3.    De bekendmaking van het besluit tot vaststelling van het bestemmingsplan geschiedt binnen twee weken na de vaststelling. Burgemeester en wethouders plaatsen de kennisgeving van het besluit tot vaststelling van het bestemmingsplan tevens in de Staatscourant en voorts geschiedt deze langs elektronische weg. Gelijktijdig verzenden zij de kennisgeving, bedoeld in de vorige volzin, langs elektronische weg aan de diensten en bestuursorganen bedoeld in het eerste lid, onder b, en stellen zij het besluit met de hierbij behorende stukken langs elektronische weg beschikbaar. In afwijking van artikel 3:1, eerste lid, onder b, van de Algemene wet bestuursrecht zijn op een besluit tot vaststelling van het bestemmingsplan de artikelen 3:40, 3:42, 3:43, 3:44 en 3:45 en afdeling 3.7 van die wet van toepassing.
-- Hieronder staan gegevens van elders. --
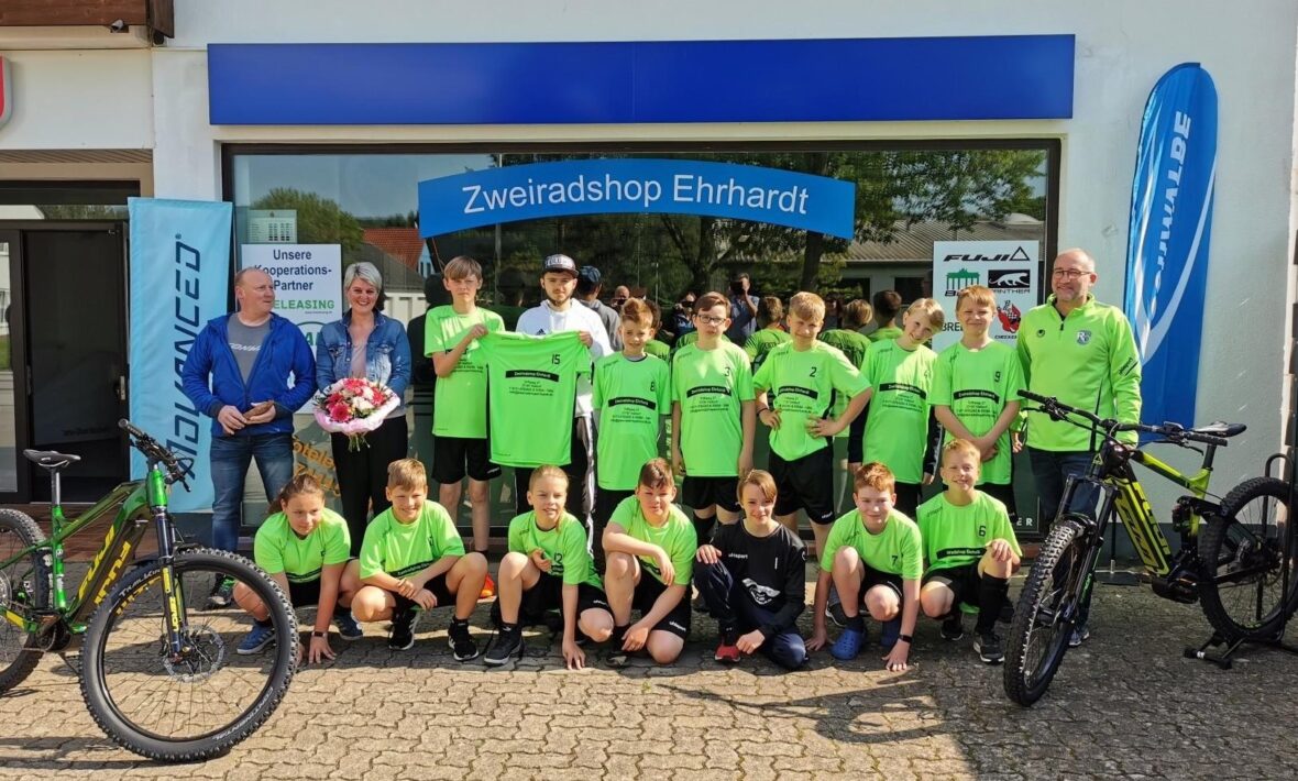 Große Überraschung für den jüngeren Jahrgang der D-Jugend beim JFV Rhume-Oder. Der Zweiradshop Ehrhardt aus Hattorf hat den jüngsten JFV-Kickern einen neuen Trikotsatz gesponsert. Erst vor kurzem hat der Zweiradshop Ehrhardt einen neuen Verkaufsraum in der Oderstraße 47 bezogen und hat ein großes Sortiment an Fahrrädern vorrätig. Die Mannschaft von Trainer Patrick Weidemann bekam das neuen Outfit auf dem Weg zum Auswärtsspiel bei der JSG HarzTor/Neuhof überreicht. Der JFV bedankte sich bei Inhaber Michael Ehrhardt mit einem Blumenstrauß für die tolle Unterstützung. Beflügelt von den neuen Trikots gewannen die JFVler ihr Spiel im Anschluss mit 4:3.
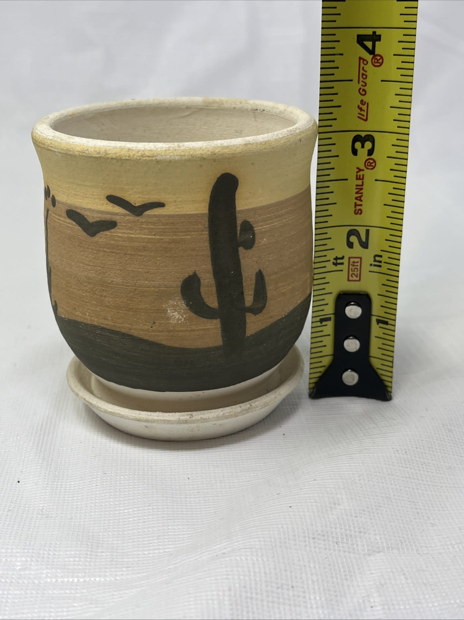 Vintage Southwestern Planter Vase Hand-Painted Desert Scene 3.25" Tall

4.    In afwijking van het derde lid wordt het besluit tot vaststelling van het bestemmingsplan zes weken na de vaststelling bekendgemaakt, indien door gedeputeerde staten, Onze Minister of Onze Minister wie het aangaat een zienswijze is ingediend en deze niet volledig is overgenomen of indien de gemeenteraad bij de vaststelling van het bestemmingsplan daarin wijzigingen heeft aangebracht ten opzichte van het ontwerp, anders dan op grond van zienswijzen van gedeputeerde staten, Onze Minister of Onze Minister wie het aangaat. In zodanig geval zenden burgemeester en wethouders na de vaststelling onverwijld langs elektronische weg het raadsbesluit aan gedeputeerde staten onderscheidenlijk Onze Minister of Onze Minister wie het aangaat.
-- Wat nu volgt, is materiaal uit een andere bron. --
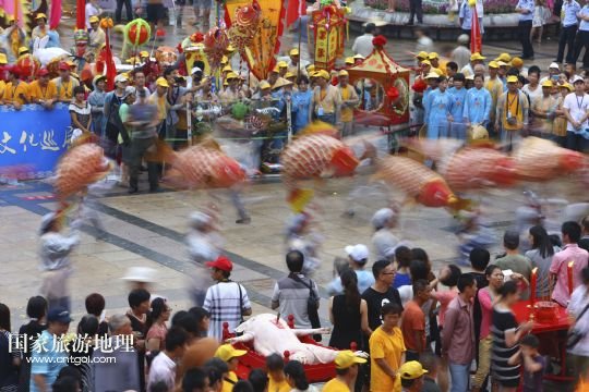 國(guó)家旅游地理 浙江寧波9月14日訊 9月14日,在浙江省寧波市象山縣,當(dāng)?shù)貪O民在進(jìn)行漁區(qū)民俗文化表演。當(dāng)日,浙江寧波象山縣舉行漁區(qū)民俗文化巡展,魚燈、馬燈、百獸燈、船燈等13支表演隊(duì)為游客奉獻(xiàn)了精彩的民俗表演,展現(xiàn)了象山燦爛的民俗文化和獨(dú)特的海洋風(fēng)情。 /新華社發(fā)(張培堅(jiān) 攝)
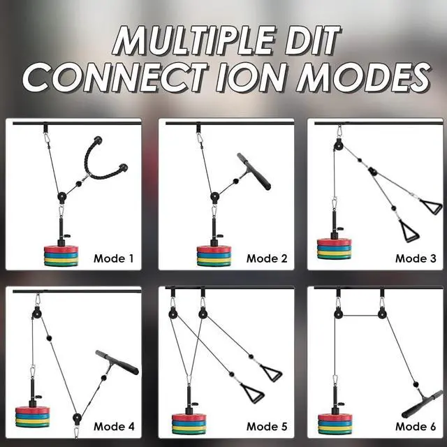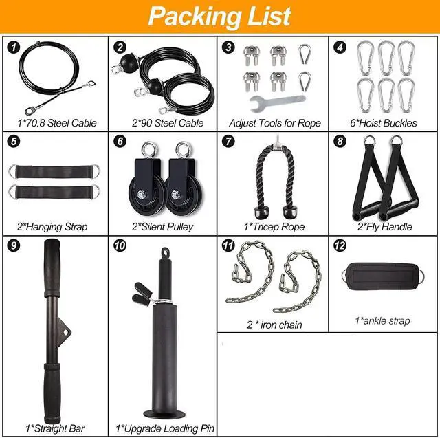 Professional Kit & Multiple ModesThe gym pulley system kit has 2 pulleys, 3 cable, lat pull down bar and other weight pulley system gym accessories. Upgrade cable pulley attachments for gym allowing you the flexibility to DIY exercise pulley patterns and choose the way that suits you for a variety of workouts, and multiple exercises, you can train the biceps, triceps, shoulders and Back Such as Biceps Curl, Lat Pull Down, Row, Fly and etc.

5.    Het besluit tot vaststelling van het bestemmingsplan treedt in werking met ingang van de dag na die waarop de beroepstermijn afloopt, behoudens voor zover het zesde lid van toepassing is.
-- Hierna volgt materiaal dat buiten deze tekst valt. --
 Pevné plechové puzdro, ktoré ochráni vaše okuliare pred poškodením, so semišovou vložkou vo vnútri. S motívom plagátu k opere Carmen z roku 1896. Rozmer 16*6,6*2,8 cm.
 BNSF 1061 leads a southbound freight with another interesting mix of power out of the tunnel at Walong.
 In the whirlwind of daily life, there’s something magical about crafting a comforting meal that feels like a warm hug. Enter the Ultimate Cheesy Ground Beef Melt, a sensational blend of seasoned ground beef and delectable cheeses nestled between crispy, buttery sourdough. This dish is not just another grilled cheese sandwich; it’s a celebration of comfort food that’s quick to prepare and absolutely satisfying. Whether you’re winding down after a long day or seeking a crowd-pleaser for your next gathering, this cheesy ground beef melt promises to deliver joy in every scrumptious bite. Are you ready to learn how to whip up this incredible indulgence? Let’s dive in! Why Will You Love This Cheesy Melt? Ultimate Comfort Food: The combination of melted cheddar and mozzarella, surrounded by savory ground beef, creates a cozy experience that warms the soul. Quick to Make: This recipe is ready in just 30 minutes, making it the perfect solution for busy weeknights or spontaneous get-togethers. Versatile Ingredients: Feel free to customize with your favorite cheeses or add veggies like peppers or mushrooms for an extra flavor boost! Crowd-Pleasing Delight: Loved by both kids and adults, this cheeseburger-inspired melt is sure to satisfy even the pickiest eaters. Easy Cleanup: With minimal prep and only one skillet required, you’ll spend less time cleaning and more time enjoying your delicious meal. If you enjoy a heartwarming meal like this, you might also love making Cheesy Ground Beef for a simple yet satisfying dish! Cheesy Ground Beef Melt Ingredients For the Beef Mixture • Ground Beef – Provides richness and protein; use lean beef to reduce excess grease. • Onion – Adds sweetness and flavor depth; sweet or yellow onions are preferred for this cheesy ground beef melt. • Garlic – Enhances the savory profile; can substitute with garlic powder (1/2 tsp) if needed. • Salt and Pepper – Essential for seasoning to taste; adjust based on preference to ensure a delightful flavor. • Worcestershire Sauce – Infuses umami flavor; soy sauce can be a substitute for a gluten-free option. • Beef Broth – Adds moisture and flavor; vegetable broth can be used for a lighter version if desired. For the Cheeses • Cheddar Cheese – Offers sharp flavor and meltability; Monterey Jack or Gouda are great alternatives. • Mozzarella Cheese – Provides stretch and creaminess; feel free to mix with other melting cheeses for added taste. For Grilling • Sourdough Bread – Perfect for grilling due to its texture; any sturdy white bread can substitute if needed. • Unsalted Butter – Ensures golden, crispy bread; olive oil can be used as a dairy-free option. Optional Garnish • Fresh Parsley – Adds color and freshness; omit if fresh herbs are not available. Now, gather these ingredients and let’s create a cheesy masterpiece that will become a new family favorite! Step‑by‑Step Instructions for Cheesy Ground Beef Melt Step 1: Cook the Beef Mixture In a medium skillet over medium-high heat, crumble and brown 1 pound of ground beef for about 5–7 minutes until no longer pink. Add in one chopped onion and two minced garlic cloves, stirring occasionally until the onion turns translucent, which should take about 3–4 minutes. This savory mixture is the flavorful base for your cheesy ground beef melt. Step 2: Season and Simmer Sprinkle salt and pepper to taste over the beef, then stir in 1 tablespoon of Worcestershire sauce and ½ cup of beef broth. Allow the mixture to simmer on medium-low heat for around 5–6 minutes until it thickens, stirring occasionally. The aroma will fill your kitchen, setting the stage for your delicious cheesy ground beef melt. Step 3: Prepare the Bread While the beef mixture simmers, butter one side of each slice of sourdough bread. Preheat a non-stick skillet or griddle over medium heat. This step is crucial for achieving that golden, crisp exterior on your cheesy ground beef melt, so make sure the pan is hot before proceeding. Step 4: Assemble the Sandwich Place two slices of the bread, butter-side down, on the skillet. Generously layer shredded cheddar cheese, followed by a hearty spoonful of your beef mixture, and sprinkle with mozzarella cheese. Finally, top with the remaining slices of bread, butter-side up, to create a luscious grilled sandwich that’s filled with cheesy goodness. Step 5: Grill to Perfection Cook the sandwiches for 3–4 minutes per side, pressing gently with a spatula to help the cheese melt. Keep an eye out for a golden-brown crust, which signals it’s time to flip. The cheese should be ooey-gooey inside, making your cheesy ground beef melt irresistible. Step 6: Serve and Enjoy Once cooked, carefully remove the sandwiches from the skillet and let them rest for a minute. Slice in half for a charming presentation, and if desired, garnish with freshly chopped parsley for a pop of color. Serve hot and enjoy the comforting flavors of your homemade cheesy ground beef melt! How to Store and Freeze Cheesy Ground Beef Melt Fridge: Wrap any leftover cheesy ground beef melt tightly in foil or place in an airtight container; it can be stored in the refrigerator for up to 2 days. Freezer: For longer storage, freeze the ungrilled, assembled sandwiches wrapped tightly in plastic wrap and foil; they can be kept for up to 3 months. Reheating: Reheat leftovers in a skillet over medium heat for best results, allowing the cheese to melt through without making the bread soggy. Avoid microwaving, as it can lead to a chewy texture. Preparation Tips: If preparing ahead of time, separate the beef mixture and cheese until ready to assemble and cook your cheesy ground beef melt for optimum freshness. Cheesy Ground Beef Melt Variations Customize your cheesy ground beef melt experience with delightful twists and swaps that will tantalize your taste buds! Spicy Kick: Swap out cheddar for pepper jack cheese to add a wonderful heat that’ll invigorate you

6.    Indien aan de in het vierde lid bedoelde voorwaarden is voldaan kunnen gedeputeerde staten onderscheidenlijk Onze Minister, onverminderd andere aan hen toekomende bevoegdheden, binnen de in dat lid genoemde termijn met betrekking tot het desbetreffende onderdeel van het vastgestelde bestemmingsplan aan de gemeenteraad een aanwijzing als bedoeld in artikel 4.2, eerste lid, onderscheidenlijk artikel 4.4, eerste lid, onder a, geven, ertoe strekkende dat dat onderdeel geen deel blijft uitmaken van het bestemmingsplan zoals het is vastgesteld. Artikel 4.2, tweede tot en met vierde lid, onderscheidenlijk artikel 4.4, tweede tot en met vierde lid, zijn op deze aanwijzing niet van toepassing. De kennisgeving van het besluit tot aanwijzing geschiedt tevens langs elektronische weg. Gedeputeerde staten onderscheidenlijk Onze Minister vermelden in de redengeving de aan het besluit ten grondslag liggende feiten, omstandigheden en overwegingen die de provincie onderscheidenlijk het Rijk beletten het betrokken provinciaal onderscheidenlijk nationaal belang met inzet van andere aan hen toekomende bevoegdheden te beschermen. Het besluit tot vaststelling van het bestemmingsplan wordt alsdan met uitsluiting van dat onderdeel, samen met het aanwijzingsbesluit en op gelijke wijze door burgemeester en wethouders bekendgemaakt. De in het vierde lid genoemde termijn wordt hiertoe met een week verlengd. De termijn voor indiening van een beroepschrift tegen het aanwijzingsbesluit vangt aan met ingang van de dag na die waarop dit besluit ter inzage is gelegd. Zodra het aanwijzingsbesluit onherroepelijk is geworden vervalt het vaststellingsbesluit voor dat onderdeel.